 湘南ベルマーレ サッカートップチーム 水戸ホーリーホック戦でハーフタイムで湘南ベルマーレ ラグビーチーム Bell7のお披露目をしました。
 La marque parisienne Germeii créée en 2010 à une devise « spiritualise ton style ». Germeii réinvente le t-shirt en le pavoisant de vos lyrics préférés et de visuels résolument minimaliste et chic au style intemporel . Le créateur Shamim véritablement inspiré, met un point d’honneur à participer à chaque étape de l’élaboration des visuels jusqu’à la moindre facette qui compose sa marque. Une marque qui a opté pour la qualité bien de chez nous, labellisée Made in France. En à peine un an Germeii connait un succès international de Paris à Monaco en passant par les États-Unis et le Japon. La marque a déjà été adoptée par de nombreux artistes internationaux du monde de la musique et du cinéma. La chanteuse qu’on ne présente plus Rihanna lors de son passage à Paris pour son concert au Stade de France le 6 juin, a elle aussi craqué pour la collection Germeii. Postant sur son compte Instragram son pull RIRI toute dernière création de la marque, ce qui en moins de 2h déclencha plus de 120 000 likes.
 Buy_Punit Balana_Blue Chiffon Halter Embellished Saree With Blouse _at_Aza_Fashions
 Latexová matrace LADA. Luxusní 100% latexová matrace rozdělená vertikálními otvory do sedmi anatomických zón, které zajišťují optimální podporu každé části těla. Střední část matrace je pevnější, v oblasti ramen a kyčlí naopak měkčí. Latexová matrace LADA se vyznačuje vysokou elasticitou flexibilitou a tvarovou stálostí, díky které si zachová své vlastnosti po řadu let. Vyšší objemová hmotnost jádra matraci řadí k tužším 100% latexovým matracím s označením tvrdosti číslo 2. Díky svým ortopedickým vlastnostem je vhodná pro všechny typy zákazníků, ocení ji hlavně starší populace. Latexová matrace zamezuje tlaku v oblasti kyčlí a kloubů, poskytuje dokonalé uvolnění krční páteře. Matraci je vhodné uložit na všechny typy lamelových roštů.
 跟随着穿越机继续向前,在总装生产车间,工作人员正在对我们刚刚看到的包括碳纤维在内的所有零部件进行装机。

_ _ _ _ _ _ _

ASSIGNMENT >> Every line of the material is to be transcribed exactly.

RESULT OF THIS EXERCISE >>
 湘南ベルマーレ サッカートップチーム 水戸ホーリーホック戦でハーフタイムで湘南ベルマーレ ラグビーチーム Bell7のお披露目をしました。
 La marque parisienne Germeii créée en 2010 à une devise « spiritualise ton style ». Germeii réinvente le t-shirt en le pavoisant de vos lyrics préférés et de visuels résolument minimaliste et chic au style intemporel . Le créateur Shamim véritablement inspiré, met un point d’honneur à participer à chaque étape de l’élaboration des visuels jusqu’à la moindre facette qui compose sa marque. Une marque qui a opté pour la qualité bien de chez nous, labellisée Made in France. En à peine un an Germeii connait un succès international de Paris à Monaco en passant par les États-Unis et le Japon. La marque a déjà été adoptée par de nombreux artistes internationaux du monde de la musique et du cinéma. La chanteuse qu’on ne présente plus Rihanna lors de son passage à Paris pour son concert au Stade de France le 6 juin, a elle aussi craqué pour la collection Germeii. Postant sur son compte Instragram son pull RIRI toute dernière création de la marque, ce qui en moins de 2h déclencha plus de 120 000 likes.
 Buy_Punit Balana_Blue Chiffon Halter Embellished Saree With Blouse _at_Aza_Fashions
 Latexová matrace LADA. Luxusní 100% latexová matrace rozdělená vertikálními otvory do sedmi anatomických zón, které zajišťují optimální podporu každé části těla. Střední část matrace je pevnější, v oblasti ramen a kyčlí naopak měkčí. Latexová matrace LADA se vyznačuje vysokou elasticitou flexibilitou a tvarovou stálostí, díky které si zachová své vlastnosti po řadu let. Vyšší objemová hmotnost jádra matraci řadí k tužším 100% latexovým matracím s označením tvrdosti číslo 2. Díky svým ortopedickým vlastnostem je vhodná pro všechny typy zákazníků, ocení ji hlavně starší populace. Latexová matrace zamezuje tlaku v oblasti kyčlí a kloubů, poskytuje dokonalé uvolnění krční páteře. Matraci je vhodné uložit na všechny typy lamelových roštů.
 跟随着穿越机继续向前,在总装生产车间,工作人员正在对我们刚刚看到的包括碳纤维在内的所有零部件进行装机。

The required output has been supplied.